Hezbollah’s security cooperation with North Korea continued after it avoided a complete defeat at Israel’s hands. Through a training agreement brokered by Iran, North Korea’s counter-espionage units and elite forces agreed to host a hundred Hezbollah operatives in 2007. North Korea possibly aided Hezbollah’s tunnel construction north of the Litani River, which was the northernmost point of Israel’s 2006 strikes, and likely provided components for Iran’s 300km radius missile transfers to Hezbollah in 2008. While there is no evidence of recent North Korean military cooperation with Hezbollah, North Korea’s on-the-ground assistance to Assad in the Syrian Civil War might have inspired cooperation.

Since the Saudi Arabia-led coalition’s military intervention in Yemen began in 2015, the Houthis have used or tried to procure North Korean military technology.
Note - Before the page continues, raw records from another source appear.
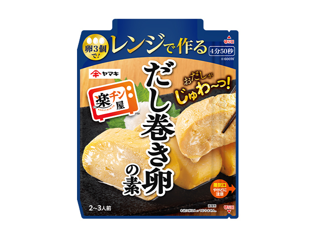 卵を入れてレンジでチンするだけで簡単に食べられる、白だし仕立てのだし巻き卵の素です。鰹だしを効かせたおだしがじゅわ〜っとあふれ出す、本格的な味わいです。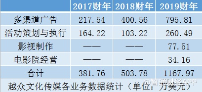 与此同时,越众文化在2019年2月2日、6月16日、9月17日分别在沈阳开始了3个电影院,合计屏幕17个。2019财年时,电影院运营录得收入为34.16万美元,占公司总收入的3%不到。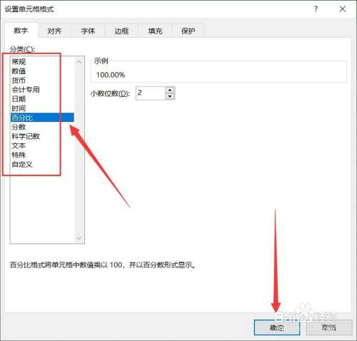 选择数字选项卡,在分类中选择分歧的数据类型,例如百分比,点击【确定】,返回表格即可看到数据类型更改当作功。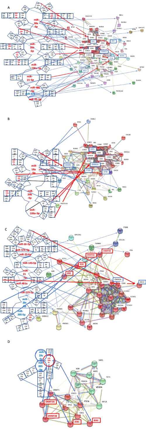 Figure 4. METS simulation of ESCC. The results of METS simulation were represented as (A) ESCC in the stage of 0-I of all QCRs, (B) ESCC in the stage of 0-I of the miRNA hub, (C) ESCC in the stage of I-IV of all QCRs and (D) ESCC in the stage of I-IV of the miRNA hub. miRNAs: upregulation, red; downregulation, blue. Proteins: augmentation, red; suppression, blue.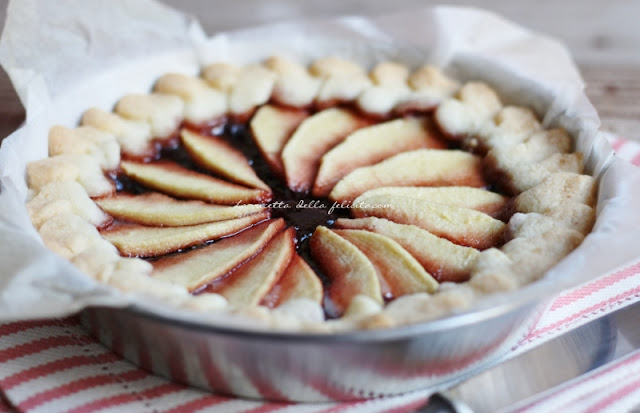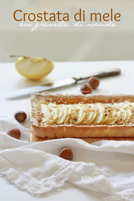 Vi lascio questa idea: è una crostata fatta con la mia base preferita a cui ho aggiunto una composta di mele fatta per utilizzare della frutta non proprio "in perfetta forma", per cui ho tolto via le parti marce e il resto l'ho tagliato a dadoni e l'ho cotto e frullato. E per finire qualche cucchiaio di granella di nocciole per avere un contrasto croccantino.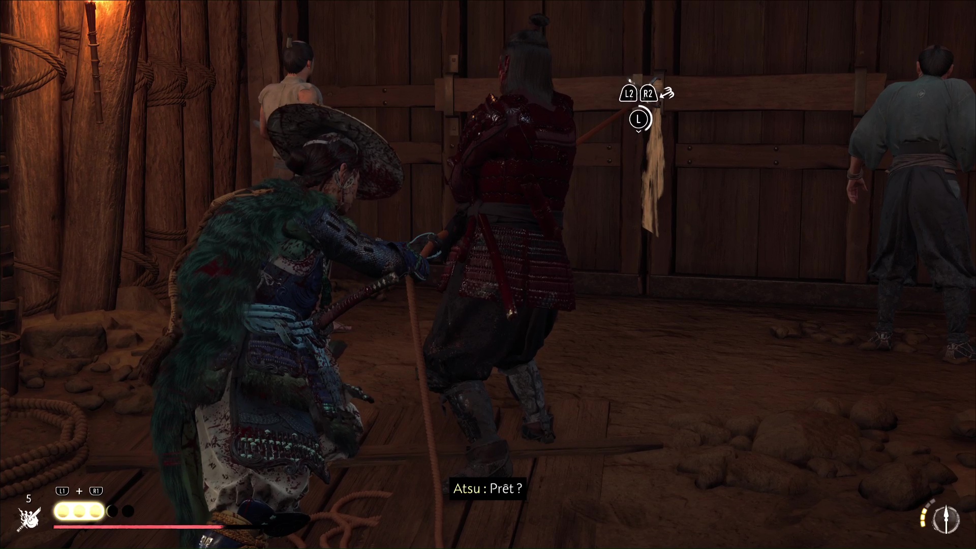 Parlez-lui pour véritablement lancer la quête. Les jumeaux partagent un repas avant la bataille, en se partageant les rituels qu’ils font avant chacune d’elles. Avant que la tempête se lève, Atsu donne le départ.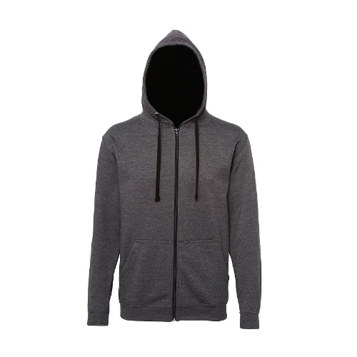 Deze Varsity zip zoodie in de kleur Charcoal / Jet black heeft een volledige ritssluiting en heeft een kwaliteit van 280 gram - 80% katoen en 20% polyester. Dekleur Heather grey 75% katoen / 25% polyester en Charcoal 52% katoen / 48% polyesterHeeft ruime comfortabele zakken met in de zak een verborgen opening om een koptelefoon draad doorheen te halen. In de kraag zitten 2 lussen om de oortjes aan te hangen zodat je nooit meer hoeft te zoeken als je ze in wilt doen.Het trekkoord heeft een contrast kleur. Deze Charcoal Jet black zoodie met ritssluiting is te bestellen vanaf maat S t/m XXL.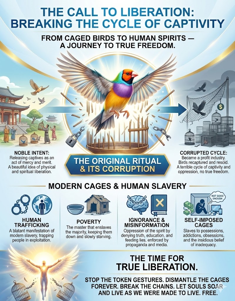 Fr. Kevin uses the example of releasing caged birds as a metaphor for liberation, initially finding the practice noble. However, he realizes it has become corrupted; the birds are trapped in a cycle of capture and release for the sake of profit and a fleeting sense of goodness. This corrupted ritual mirrors how good laws and customs, originally intended to liberate, can become oppressive over time. Jesus came to perfect the old law, offering true liberation.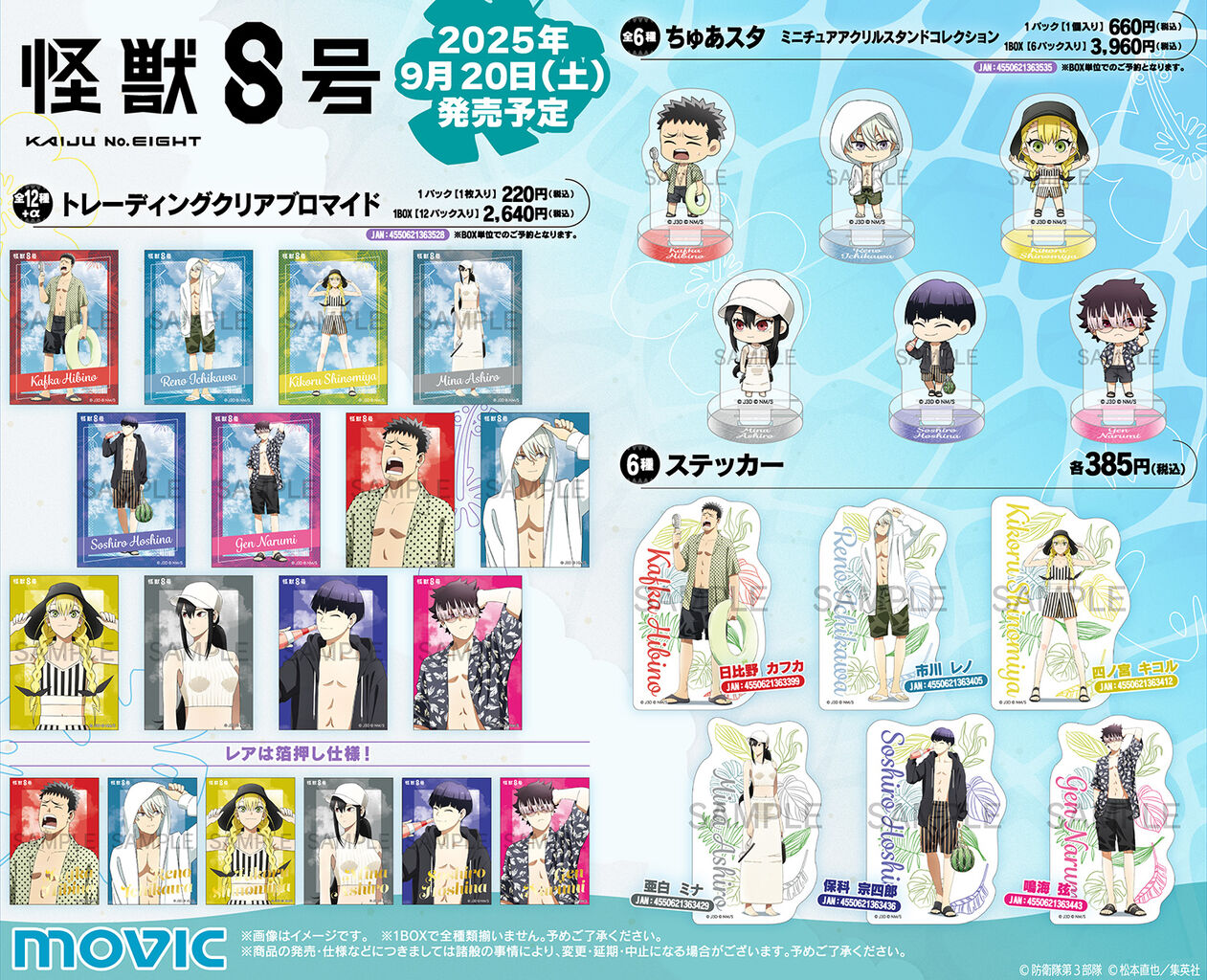 アニメ『怪獣8号』SUMMERフェア 2025 2025/07/25 発売日:2025年9月20日発売元:ムービック参考価格: <予約&購入> アニメイト ムービック あみあみ ネオウィング METAL BOX アニメストアホビーストック セブンネット 楽天市場駿河屋 AmazonYahoo!ショップコレイズ <商品情報>期間中、関連商品のご購入・ご予約で「ポストカード(全6種)」1枚プレゼント<関連商品> < 前の記事次の記事 > コメント コメントフォーム 名前 コメント 記事の評価 リセット リセット 顔 星 情報を記憶 コメントを投稿する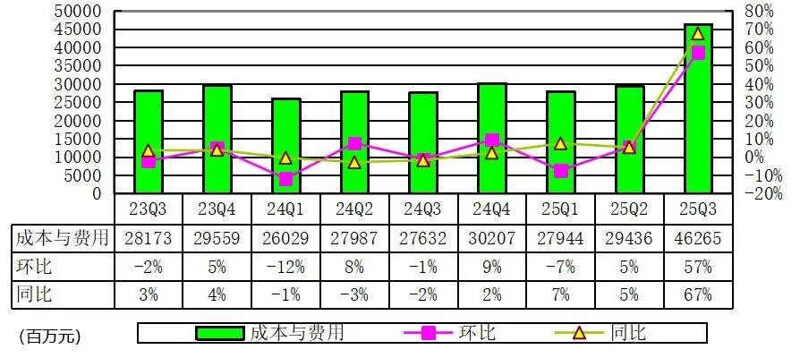 成本结构方面,该季度销售成本183亿元人民币,同比增长12%,主要因智能云业务及内容成本增加;销售及管理费用66亿元人民币,同比增长12%,源于预期信用损失及渠道支出上升;研发费用52亿元人民币,同比下降3%。长期资产减值162亿元人民币,主要涉及核心资产组减值。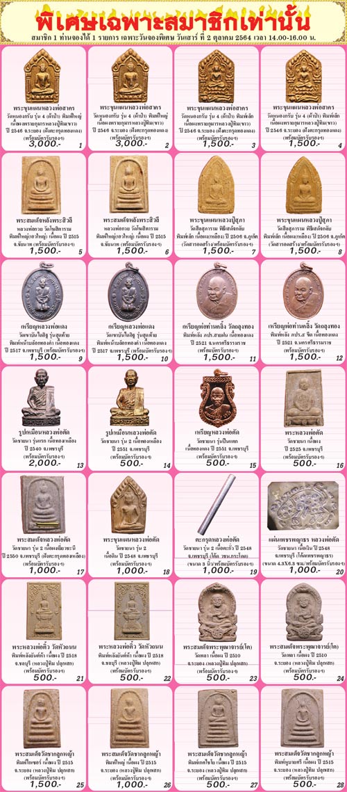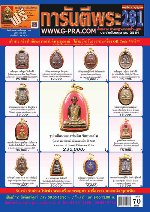 *** ในหน้า 2 ฉบับที่ 281 ประจำเดือนตุลาคม 2564 สมาชิกนิตยสารการันตีพระ และสมาชิกพัฒนาเว็บไซต์ฯ สามารถโทรจองได้ในวัน *** เสาร์ที่ 2 ตุลาคม 2564 เวลา 14.00-16.00 น. ***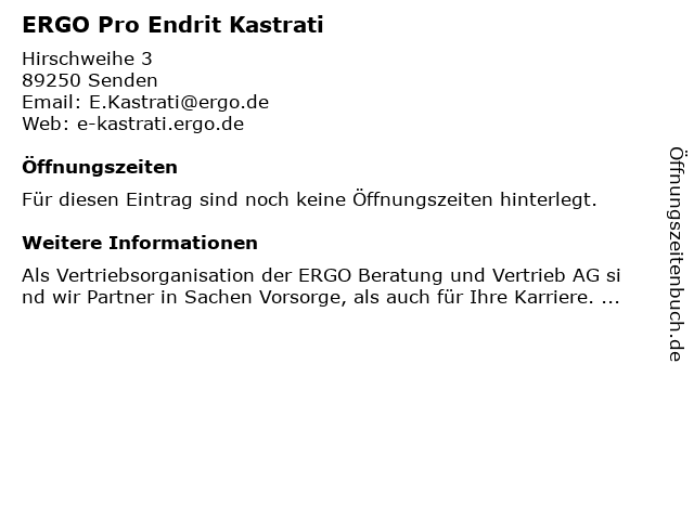 | Öffnungszeiten ERGO Pro Endrit Kastrati in Senden anzeigen | |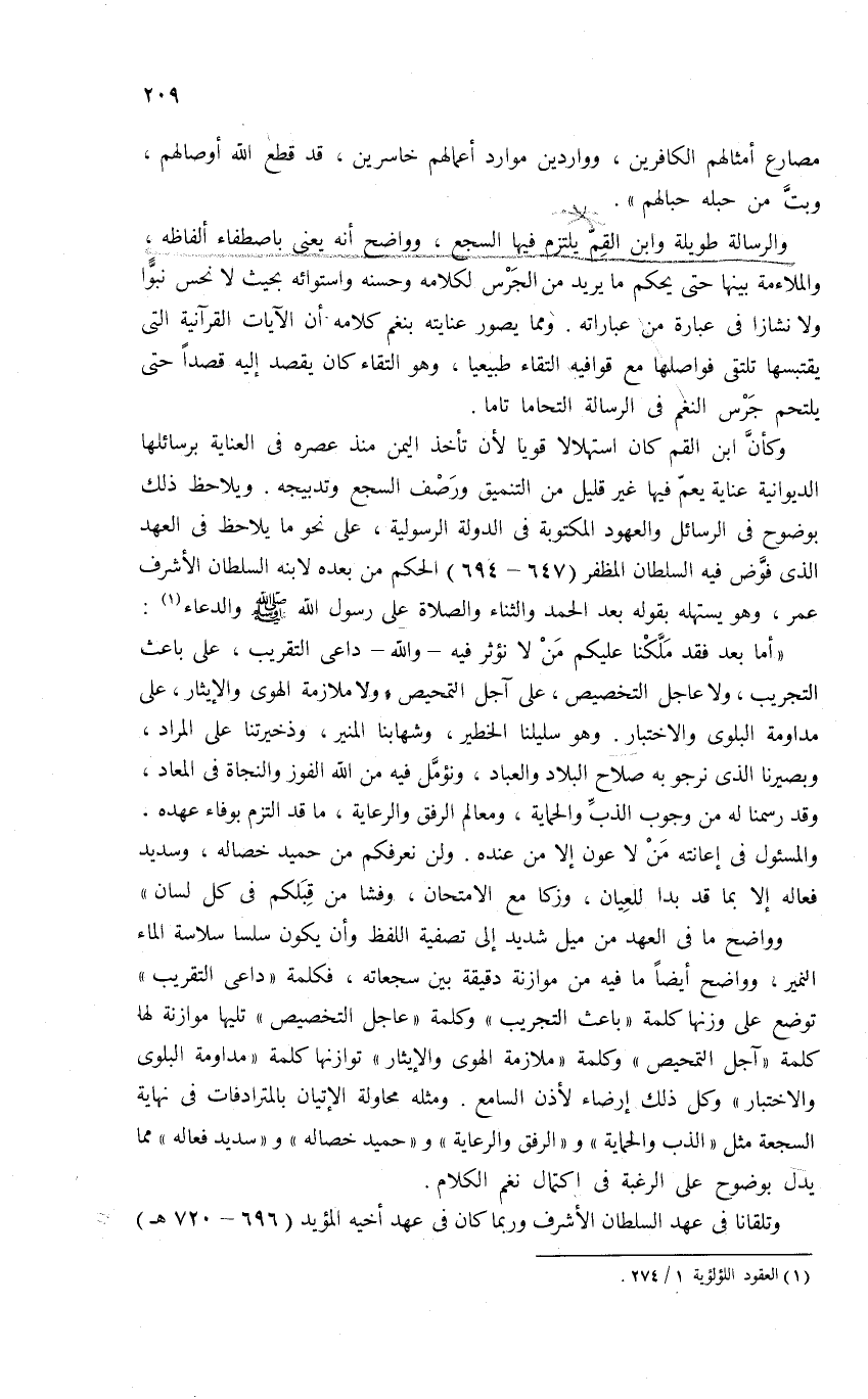وكأنّ ابن القم كان استهلالا قويا لأن تأخذ اليمن منذ عصره فى العناية برسائلها الديوانية عناية يعمّ فيها غير قليل من التنميق ورصف السجع وتدبيجه. ويلاحظ ذلك بوضوح فى الرسائل والعهود المكتوبة فى الدولة الرسولية، على نحو ما يلاحظ فى العهد الذى فوّض فيه السلطان المظفر (647 - 694) الحكم من بعده لابنه السلطان الأشرف عمر، وهو يستهله بقوله بعد الحمد والثناء والصلاة على رسول الله صلى الله عليه وسلم والدعاء (¬1):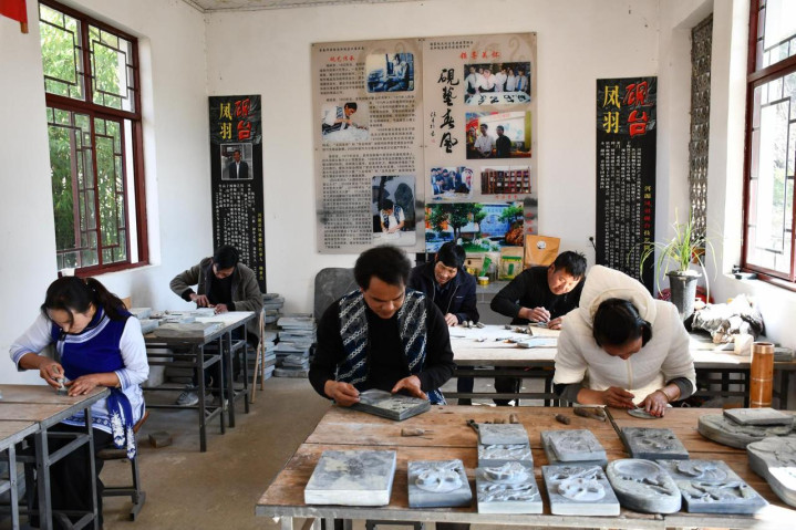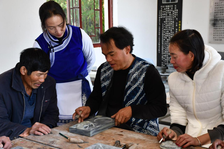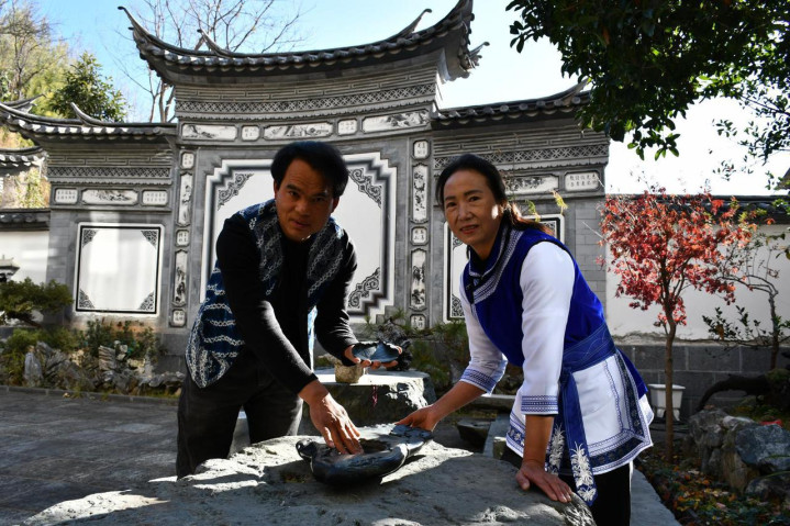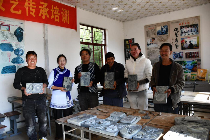 动作“云南省石雕艺术巨匠”,张跃堂长久以传承为己任。2018年,他所负责的凤羽砚台工艺品厂被建树为“大理文化生态保护实际区凤羽砚制作武艺传习所”;2020年,又获批成为该实际区的非遗工坊。他每年组织2至3次砚台武艺培训,积极鞭策传统手工艺的传承与振兴。同期,提供砚台加工、体验、研习不异,累计理睬各种研学团队及搭客千余东谈主次。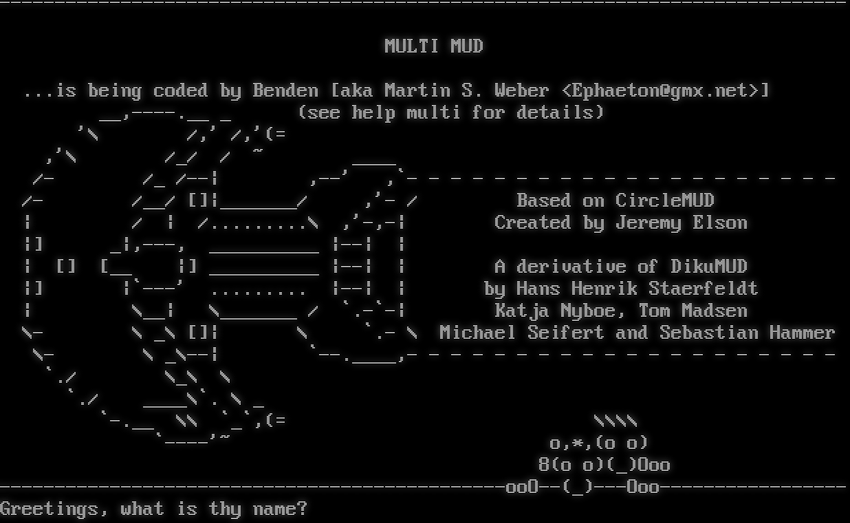 -​---------------------------------------------------------------------------- MULTI MUD ...is being coded by Benden [aka Martin S. Weber <Ephaeton@gmx.net>] __,-​---.__ _ (see help multi for details) '\\ /,' /,'(= ,'\\ /_/ / ~ _​___ /- /_ /--\| ,--' ,\`- - - - - - - - - - - - - - - - - - - - /- /__/ []\|_​______/ ,'- / Based on CircleMUD \| / \| /.​........\\ ,'-,-\| Created by Jeremy Elson \|] _\|,---, _​_________ \|--\| \| \| [] [__ \|] _​_________ \|--\| \| A derivative of DikuMUD \|] \|\`---' .​........ \|--\| \| by Hans Henrik Staerfeldt \| \\__\| \\_​______ / \`.-\`-\| Katja Nyboe, Tom Madsen \\- \\ _\\ []\| \\ \`.- \\ Michael Seifert and Sebastian Hammer \\- \\ _\\--\| \`-​-.____,- - - - - - - - - - - - - - - - - - - - \`./ \\_\\ \\ \`./ _​___\\\`. \\ _ \`-​.__ \\\\ \`_\`,(= \\\\\\\\ \`-​---'~ o,\*,(o o) 8(o o)(_)Ooo -​---------------------------------------------ooO--(_)---Ooo-​---------------- Greetings, what is thy name?

In July 2015, South Korean intelligence officials revealed that the Houthis fired 20 North Korean-made Scud missiles at Saudi Arabia. The Houthis likely captured these Scud missiles on the battlefield, as the Yemen Armed Forces originally purchased them from North Korea in 2002.

Although these Scud missile strikes were ineffective, a Houthi leadership figure invited North Korean officials to meet in Damascus in July 2016 and discuss technology transfers. North Korea attempted to grant this request by using Syrian arms trafficker Hussein al-Ali to ship light weaponry to the Houthis. Despite reports that the Houthis modified North Korean Hwasong-6 Scuds for longer-range strikes on Saudi Arabia, United Nations Panel of Experts reports have stopped short of confirming wartime arms deliveries from North Korea to the Houthis.

Conclusion

While Israel’s Gaza Strip blockade might preclude further North Korean arms deliveries to Hamas, Pyongyang will closely monitor and accrue military lessons from events in the Middle East. South Korea was alarmed by Hamas’s breaches of Israel’s border defenses and is re-evaluating its own ability to thwart a similar North Korean offensive. If Israel embarks on a full-scale ground invasion of the Gaza Strip and the war broadens to Lebanon, North Korea will monitor the resilience of Hamas and Hezbollah’s tunnel infrastructure. Regardless of the war’s outcome, North Korea’s cooperation with Iran and Syria will provide future opportunities for Iran-aligned militias to use its military technology.